It's just a thought...

Someone proposes something like this in every hat puzzle and every time it is against the rules. And then someone comes on and says "Imagine instead that they are isolated in a room..."

The prisoners are stood in a circle and there is an even amount (20 prisoners)

They are allowed to raise their hands right? so if they plan to wor with the man directly opposite him (as in being able to co-operate and work with all the men so that once in the circle they could work with the man directly opposite him), they could come up with a plan like this....

If the man opposite him has a red hat they will raise their hand after exactly 5 minutes and if he has a black hat on, he will not raise hi hand. they will then know what colour hat they are wearing and can say it to gain freedom.....

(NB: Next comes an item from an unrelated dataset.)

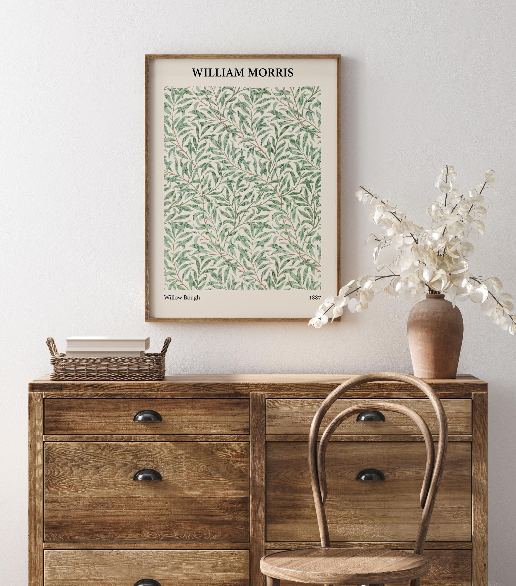 A patterned poster of a William Morris willow bough print. The simple green leaves fill the print, each joined by thin branches to create an intricate pattern throughout the image. Add this to a pastel wall for something a little bit different.
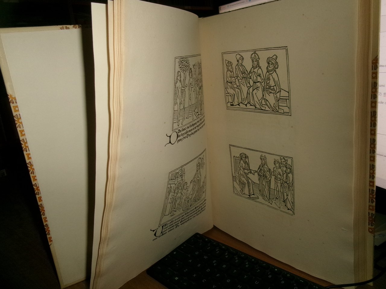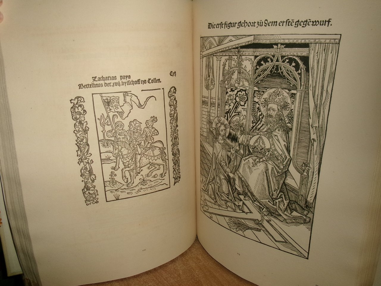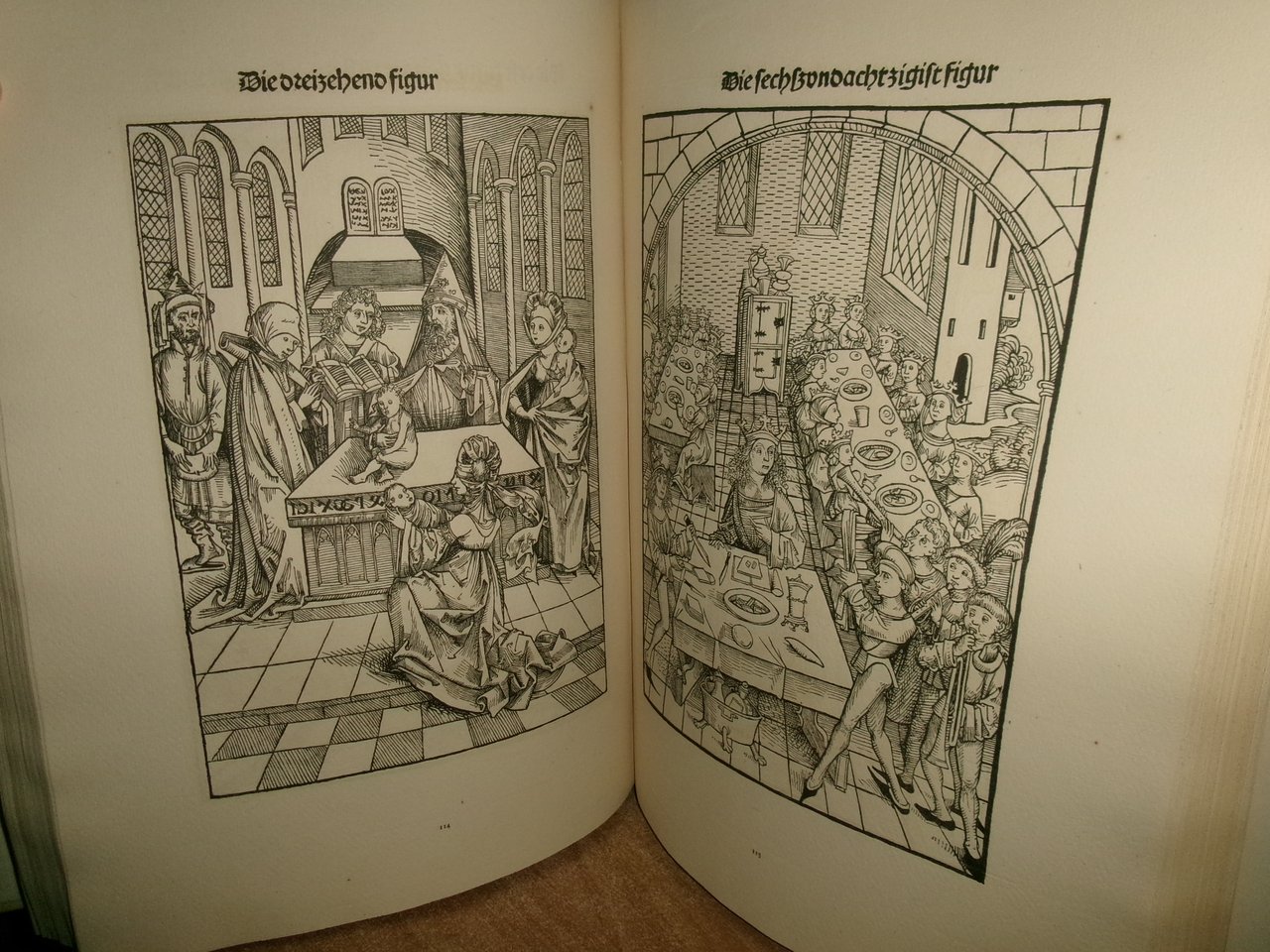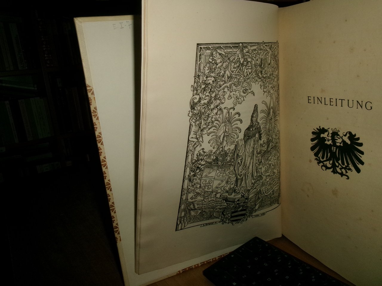 Die deutsche Bücherillustration der Gothik und Frührenaissance. 2 volumi in-folio, m-pergamena con larghe punte, titoli in oro su due tasselli ai dorsi. Erster band (2) ff. bianchi, xvi, 298 pp., (2) ff. bianchi con numerose illustrazioni n.t.; Zweiter band (2) ff. bianchi, viii, 263, (3) pp. Volume composto da 263 tavole di illustrazioni/riproduzioni anche a piena pagina. Bellissimo esemplare in lingua tedesca. Uff. E - I - 7

The raising of the hands would have to be done at the exact same time as the men will be blindfolded and therefore wouldn't be able to guarantee which man he would be helping

Also.... only after all those with red hats have spoken their colour would those with black hats be able to speak

I think the biggest hole here is that when you raise your hand you must shout the colour of your hat.

The best I can come up with is actually the parity answer where one person takes a 50/50 and the circle continues.

I came up with this as I was thinking about it.

Or appoint two people--a primary and a secondary. The primary is going to make a guess when precisely 5 minutes has elapsed, unless the secondary is wearing a red hat. After the 5 minutes has elapsed and the primary hasn't guessed, he will raise his hand and shout red at the end of another 5 minutes (the number of minutes is arbitrary) unless shouting red throws off the parity (say the parity is defaulted to 0--he sees an even number of red hats). If, at the end of 10 minutes, the secondary has not shouted, the primary will shout red if he sees an odd number of red hats (he now knows the parity).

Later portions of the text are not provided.